§ What is expected
The entries are to be reproduced word for word, with all images left out.

#####

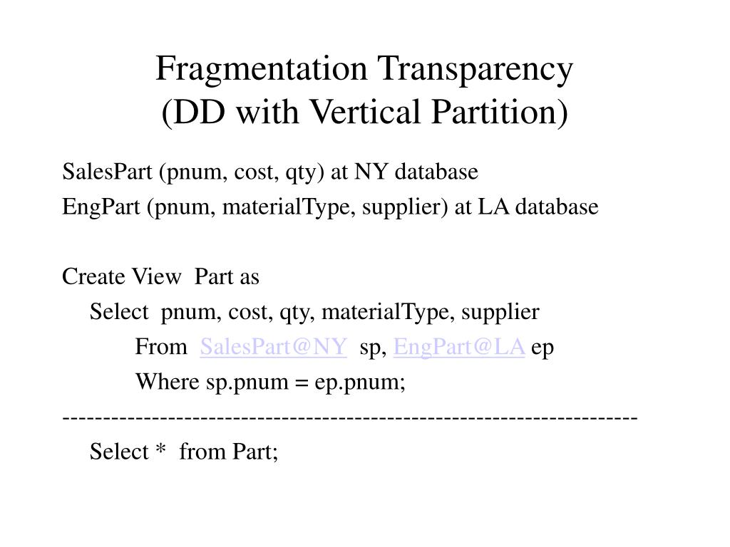 Fragmentation Transparency(DD with Vertical Partition) SalesPart (pnum, cost, qty) at NY database EngPart (pnum, materialType, supplier) at LA database Create View Part as Select pnum, cost, qty, materialType, supplier From SalesPart@NY sp, EngPart@LA ep Where sp.pnum = ep.pnum; ----------------------------------------------------------------------- Select * from Part;
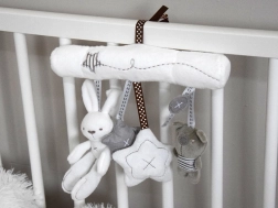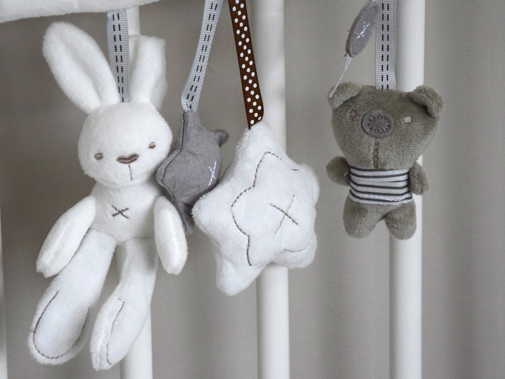 - 3 elementi appesi – coniglietto con melodia, stellina con fischietto, orsetto come sonaglino.
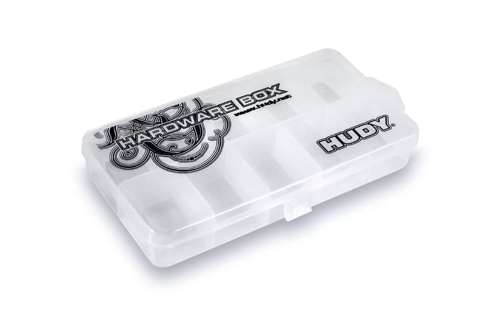 Very handy and useful box for parts storage, especially great for storing on-road shock springs. Tough, durable, translucent plastic box has 10 compartments. Easy, quick-access storage for springs. High-quality HUDY graphics.
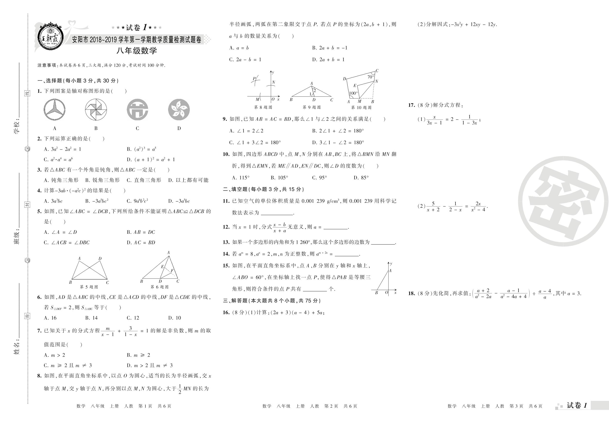 2018-2019学年第一学期安阳市八年级数学试卷(人教版)【1】
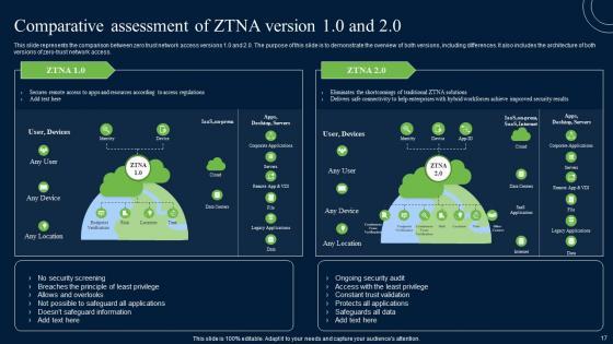 This slide represents the comparison between zero trust network access versions 1.0 and 2.0. The purpose of this slide is to demonstrate the overview of both versions, including differences. It also includes the architecture of both versions of zero-trust network access. From laying roadmaps to briefing everything in detail, our templates are perfect for you. You can set the stage with your presentation slides. All you have to do is download these easy-to-edit and customizable templates. Comparative Assessment Of ZTNA Version 10 And 20 Zero Trust Network Security Infographics Pdf will help you deliver an outstanding performance that everyone would remember and praise you for. Do download this presentation today. This slide represents the comparison between zero trust network access versions 1.0 and 2.0. The purpose of this slide is to demonstrate the overview of both versions, including differences. It also includes the architecture of both versions of zero-trust network access.
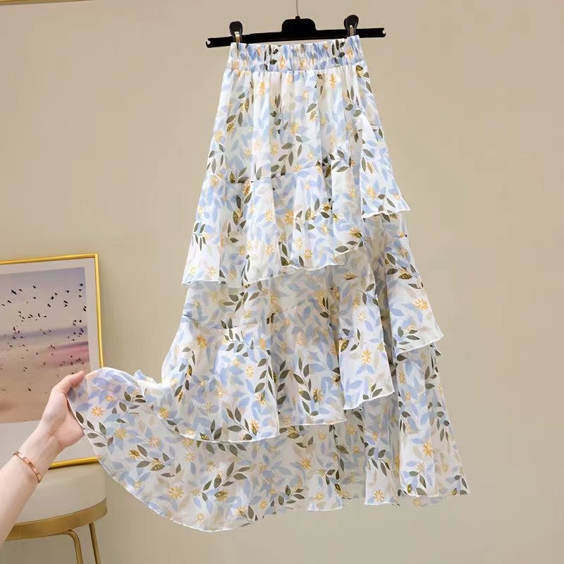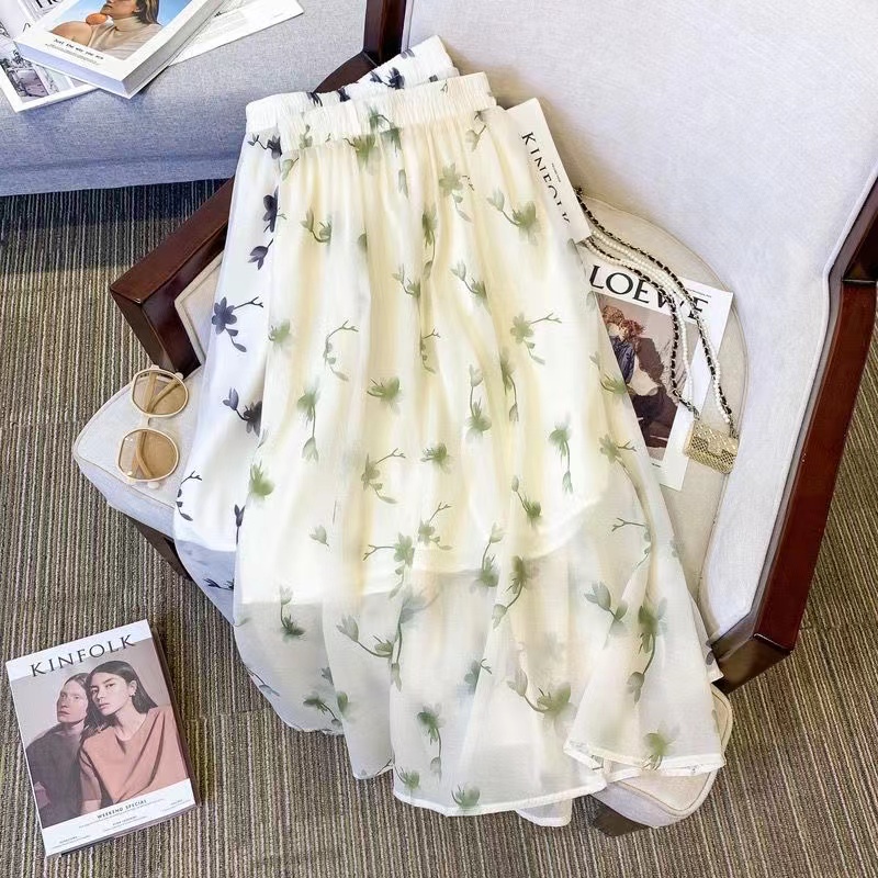 レディース ロングスカート 春夏秋 プリーツ 花柄 チュールスカート ラインレディースファッション ボトムス スカート
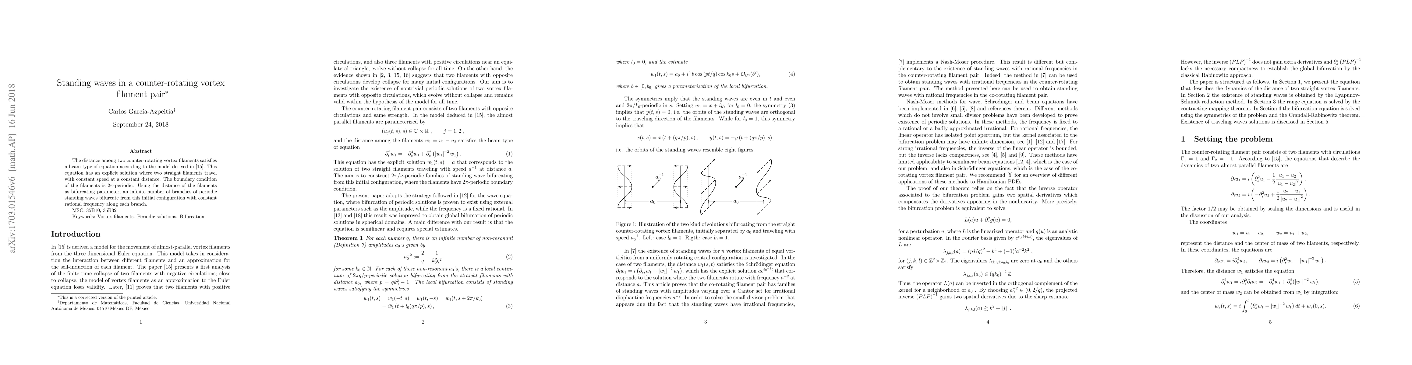 This paper explores the behavior of two counter-rotating vortex filaments modeled by a beam-type equation, revealing an explicit solution where the filaments maintain a constant distance and speed. It identifies an infinite set of periodic standing wave solutions bifurcating from the initial configuration as the distance between filaments varies.
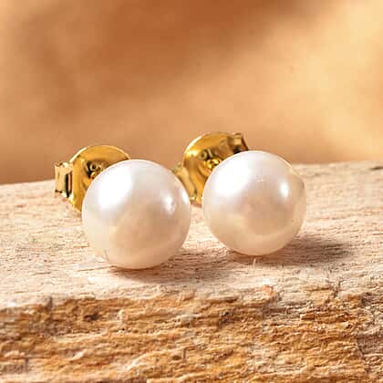 Japanese Akoya Pearl Stud Earrings in Gold Plated Sterling Silver
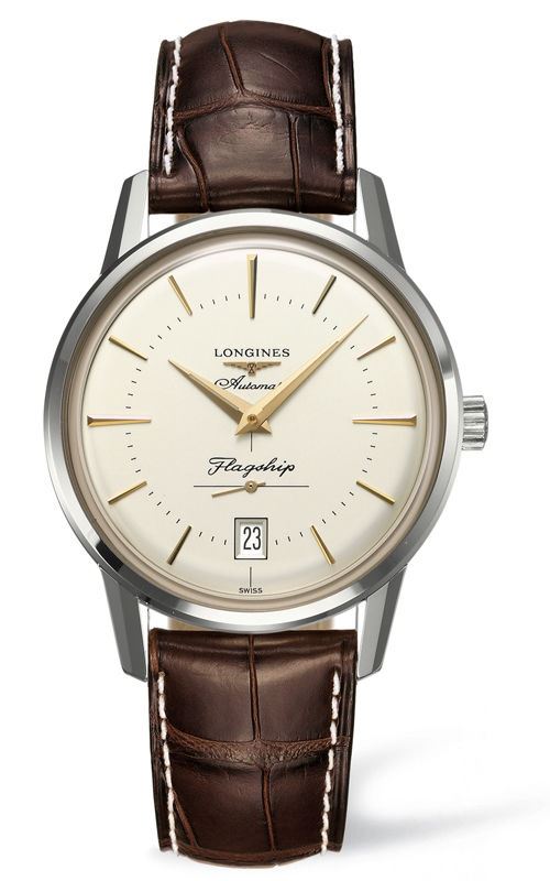 Model: L4.795.4.78.2 - CASE = [Material:Polished Stainless Steel], [Case Diameter:38.5], [Case Thickness:10.75mm], [Bezel:Fixed], [Case Back:Solid], [Water Resistant:30 Meters / 100 Feet], [Crystal:Scratch Resistant Sapphire], DIAL = [Color:Silver], MOVEMENT = [Type:Automatic Self Winding], BAND = [Clasp:Tang Buckle], [Type:Brown Alligator Leather], (In Stock - Ready to ship.)
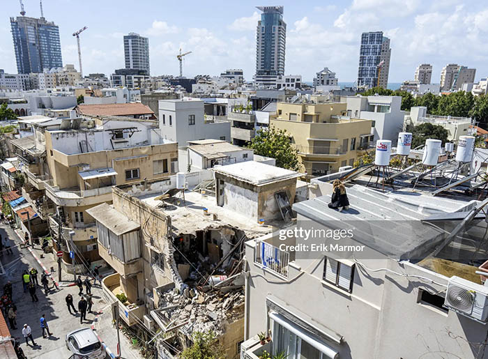 In Tel Aviv, Israeli Home Front Command units inspected buildings damaged by missile impacts. Sirens echoed across the city as residents sought shelter during incoming attacks.
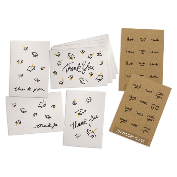 - MINIMAL & MODERN - Graduation Thank You Cards feature Gold Tasseled Grad Caps in the Air in four (4) fun designs for variety when sending your graduation party thank you cards out in 2022. Includes Kraft Envelope Seal Stickers
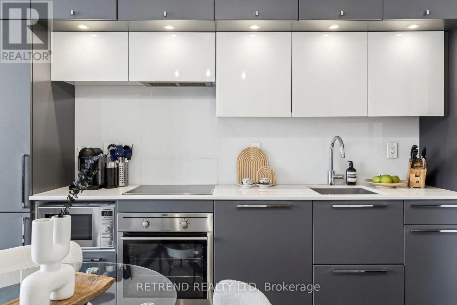 Cross Streets: Yonge & College. ** Directions: Yonge & Grenville. Featuring soaring rare 10 ft ceilings and unobstructed city views, the unit boasts a highly functional layout designed for comfortable urban living. Floor-to-ceiling windows flood the space with abundant natural sunlight, creating an open and airy atmosphere throughout. The contemporary kitchen is thoughtfully designed by award -winning designer Cecconi Simone, with built-in appliances, sleek backsplash, and quartz countertops, seamlessly blending style and functionality.
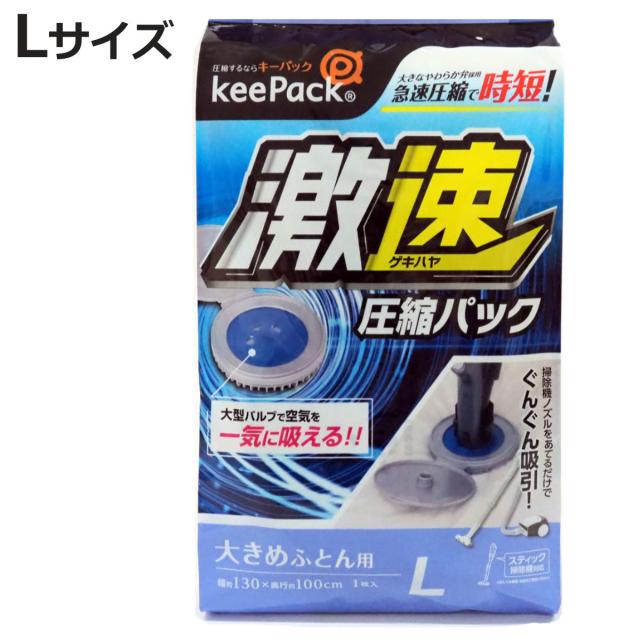 圧縮袋 激速 布団圧縮パック L 布団収納 ( ふとん 布団 シングル ダブル 収納 収納袋 高速圧縮 スティック掃除機 掛け布団 敷き布団 キャニスター掃除機 省スペース スピード圧縮 クローゼット 押入れ 有効活用 フタ付きバルブ )
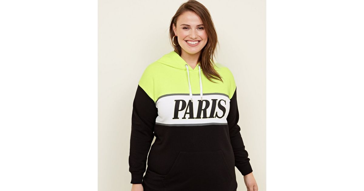 Curves Schwarzer Kapuzenpullover Mit Neonfarbenem Colour Blocking Design Und Paris Aufschrift New Look
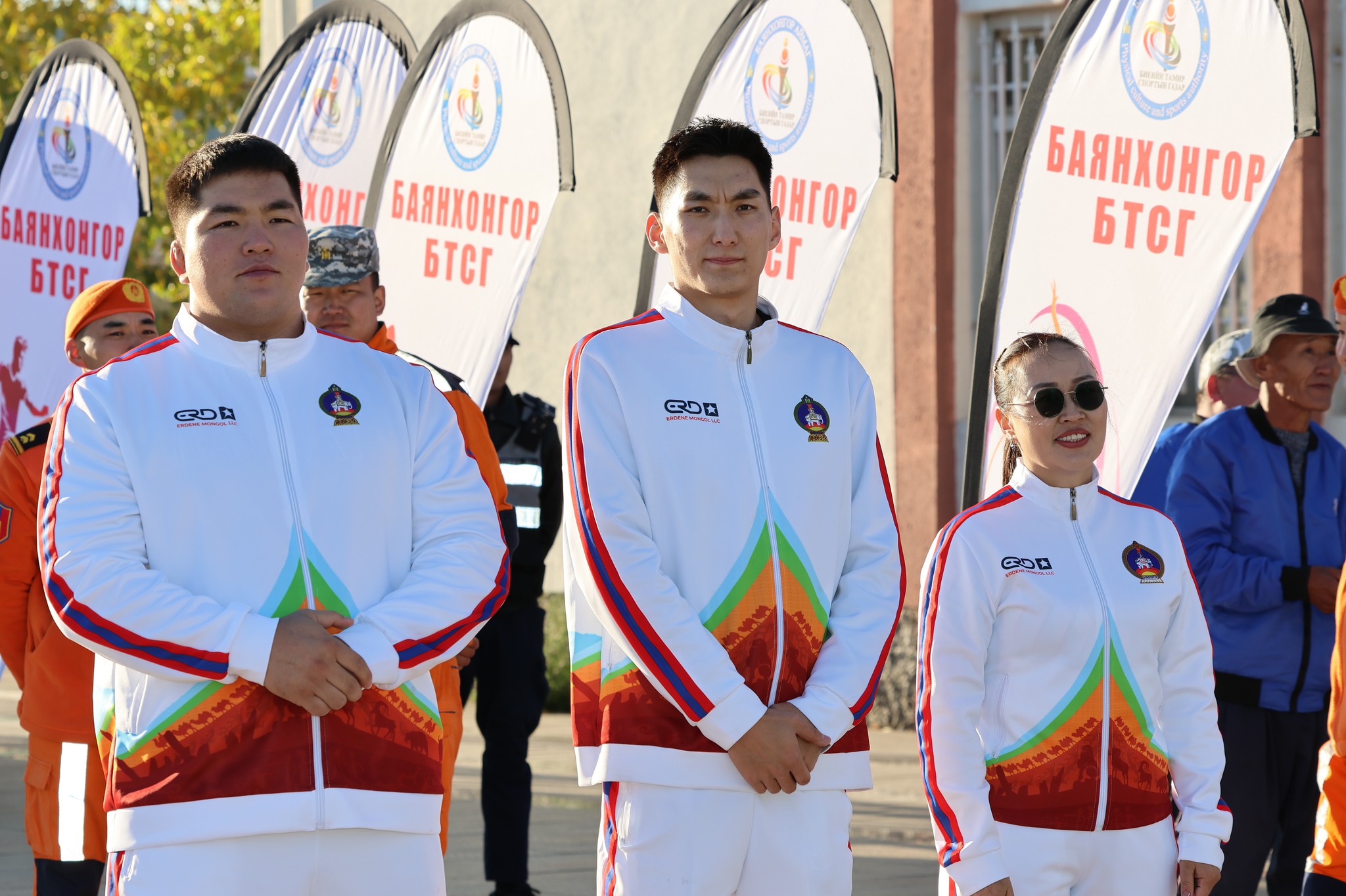 XVI наадмын тугийг пара таеквондо-гийн “Парис-2024” паралимпын аварга, Хөдөлмөрийн баатар У.Сүрэнжав, боксын дэлхийн цомын хошой хүрэл медальт, Азийн аваргын хүрэл медальт, ОУХМ Т.Энхтөр, пауэрлифтингийн улсын аварга, бодибилдингийн спортын ОУХМ Н.Нэмэхбаяр, чөлөөт бөхийн улсын аварга, Азийн аваргын мөнгөн медальт, ОУХМ Э.Бямбадорж нар өргөн мандуулав.
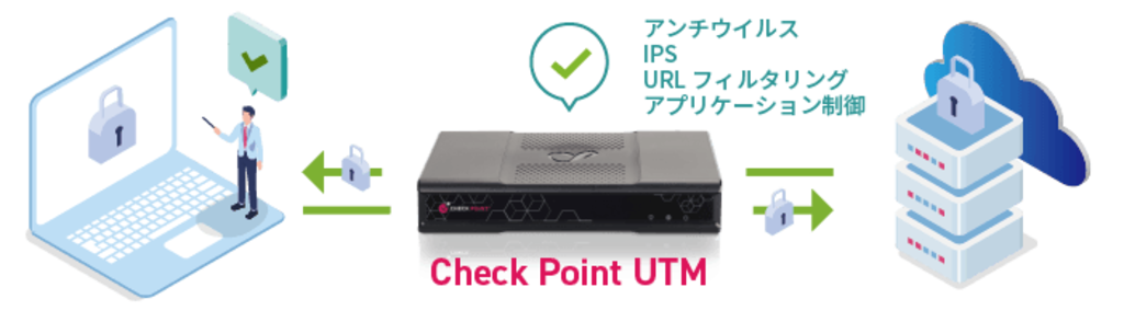 Check Point 1500シリーズは「SSLインスペクション」機能を搭載しており、UTM単体で暗号化通信の検査が可能です。ダウンロードファイルやメールの添付ファイルのマルウェア検出はもちろん、IPS、URL フィルタリング、アプリケーションコントロールといった各種UTM機能で、暗号化通信に潜む様々な脅威を検知、遮断します。

#####

§ Result of the exercise
 Fragmentation Transparency(DD with Vertical Partition) SalesPart (pnum, cost, qty) at NY database EngPart (pnum, materialType, supplier) at LA database Create View Part as Select pnum, cost, qty, materialType, supplier From SalesPart@NY sp, EngPart@LA ep Where sp.pnum = ep.pnum; ----------------------------------------------------------------------- Select * from Part;
 - 3 elementi appesi – coniglietto con melodia, stellina con fischietto, orsetto come sonaglino.
 Very handy and useful box for parts storage, especially great for storing on-road shock springs. Tough, durable, translucent plastic box has 10 compartments. Easy, quick-access storage for springs. High-quality HUDY graphics.
 2018-2019学年第一学期安阳市八年级数学试卷(人教版)【1】
 This slide represents the comparison between zero trust network access versions 1.0 and 2.0. The purpose of this slide is to demonstrate the overview of both versions, including differences. It also includes the architecture of both versions of zero-trust network access. From laying roadmaps to briefing everything in detail, our templates are perfect for you. You can set the stage with your presentation slides. All you have to do is download these easy-to-edit and customizable templates. Comparative Assessment Of ZTNA Version 10 And 20 Zero Trust Network Security Infographics Pdf will help you deliver an outstanding performance that everyone would remember and praise you for. Do download this presentation today. This slide represents the comparison between zero trust network access versions 1.0 and 2.0. The purpose of this slide is to demonstrate the overview of both versions, including differences. It also includes the architecture of both versions of zero-trust network access.
 レディース ロングスカート 春夏秋 プリーツ 花柄 チュールスカート ラインレディースファッション ボトムス スカート
 This paper explores the behavior of two counter-rotating vortex filaments modeled by a beam-type equation, revealing an explicit solution where the filaments maintain a constant distance and speed. It identifies an infinite set of periodic standing wave solutions bifurcating from the initial configuration as the distance between filaments varies.
 Japanese Akoya Pearl Stud Earrings in Gold Plated Sterling Silver
 Model: L4.795.4.78.2 - CASE = [Material:Polished Stainless Steel], [Case Diameter:38.5], [Case Thickness:10.75mm], [Bezel:Fixed], [Case Back:Solid], [Water Resistant:30 Meters / 100 Feet], [Crystal:Scratch Resistant Sapphire], DIAL = [Color:Silver], MOVEMENT = [Type:Automatic Self Winding], BAND = [Clasp:Tang Buckle], [Type:Brown Alligator Leather], (In Stock - Ready to ship.)
 In Tel Aviv, Israeli Home Front Command units inspected buildings damaged by missile impacts. Sirens echoed across the city as residents sought shelter during incoming attacks.
 - MINIMAL & MODERN - Graduation Thank You Cards feature Gold Tasseled Grad Caps in the Air in four (4) fun designs for variety when sending your graduation party thank you cards out in 2022. Includes Kraft Envelope Seal Stickers
 Cross Streets: Yonge & College. ** Directions: Yonge & Grenville. Featuring soaring rare 10 ft ceilings and unobstructed city views, the unit boasts a highly functional layout designed for comfortable urban living. Floor-to-ceiling windows flood the space with abundant natural sunlight, creating an open and airy atmosphere throughout. The contemporary kitchen is thoughtfully designed by award -winning designer Cecconi Simone, with built-in appliances, sleek backsplash, and quartz countertops, seamlessly blending style and functionality.
 圧縮袋 激速 布団圧縮パック L 布団収納 ( ふとん 布団 シングル ダブル 収納 収納袋 高速圧縮 スティック掃除機 掛け布団 敷き布団 キャニスター掃除機 省スペース スピード圧縮 クローゼット 押入れ 有効活用 フタ付きバルブ )
 Curves Schwarzer Kapuzenpullover Mit Neonfarbenem Colour Blocking Design Und Paris Aufschrift New Look
 XVI наадмын тугийг пара таеквондо-гийн “Парис-2024” паралимпын аварга, Хөдөлмөрийн баатар У.Сүрэнжав, боксын дэлхийн цомын хошой хүрэл медальт, Азийн аваргын хүрэл медальт, ОУХМ Т.Энхтөр, пауэрлифтингийн улсын аварга, бодибилдингийн спортын ОУХМ Н.Нэмэхбаяр, чөлөөт бөхийн улсын аварга, Азийн аваргын мөнгөн медальт, ОУХМ Э.Бямбадорж нар өргөн мандуулав.
 Check Point 1500シリーズは「SSLインスペクション」機能を搭載しており、UTM単体で暗号化通信の検査が可能です。ダウンロードファイルやメールの添付ファイルのマルウェア検出はもちろん、IPS、URL フィルタリング、アプリケーションコントロールといった各種UTM機能で、暗号化通信に潜む様々な脅威を検知、遮断します。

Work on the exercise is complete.